_WHAT THE EXERCISE ASKS_. Set down exactly, from the records below, the line with "Мусе выбрали платье" through the line with "Знаменитый герой экрана, маленький", and nothing else.

_DATA IN THIS EXERCISE_.
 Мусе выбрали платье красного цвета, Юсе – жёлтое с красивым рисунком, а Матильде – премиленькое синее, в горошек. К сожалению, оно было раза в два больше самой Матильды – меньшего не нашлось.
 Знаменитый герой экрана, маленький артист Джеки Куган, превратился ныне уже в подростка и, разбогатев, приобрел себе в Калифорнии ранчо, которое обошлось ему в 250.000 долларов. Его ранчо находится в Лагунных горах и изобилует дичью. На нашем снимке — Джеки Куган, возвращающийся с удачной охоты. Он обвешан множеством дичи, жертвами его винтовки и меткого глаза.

==

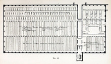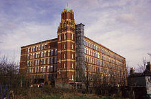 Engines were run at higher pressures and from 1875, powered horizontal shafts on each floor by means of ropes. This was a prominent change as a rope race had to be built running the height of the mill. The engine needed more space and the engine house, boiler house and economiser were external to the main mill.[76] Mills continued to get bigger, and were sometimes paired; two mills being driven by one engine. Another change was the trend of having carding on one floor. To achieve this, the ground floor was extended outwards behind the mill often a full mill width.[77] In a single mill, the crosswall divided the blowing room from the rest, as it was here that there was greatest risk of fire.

* * *

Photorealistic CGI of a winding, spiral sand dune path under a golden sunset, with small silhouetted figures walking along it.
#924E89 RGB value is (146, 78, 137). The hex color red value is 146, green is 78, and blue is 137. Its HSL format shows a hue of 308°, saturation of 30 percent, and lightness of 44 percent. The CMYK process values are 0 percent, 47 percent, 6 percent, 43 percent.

_EXERCISE SOLUTION_.
 Мусе выбрали платье красного цвета, Юсе – жёлтое с красивым рисунком, а Матильде – премиленькое синее, в горошек. К сожалению, оно было раза в два больше самой Матильды – меньшего не нашлось.
 Знаменитый герой экрана, маленький артист Джеки Куган, превратился ныне уже в подростка и, разбогатев, приобрел себе в Калифорнии ранчо, которое обошлось ему в 250.000 долларов. Его ранчо находится в Лагунных горах и изобилует дичью. На нашем снимке — Джеки Куган, возвращающийся с удачной охоты. Он обвешан множеством дичи, жертвами его винтовки и меткого глаза.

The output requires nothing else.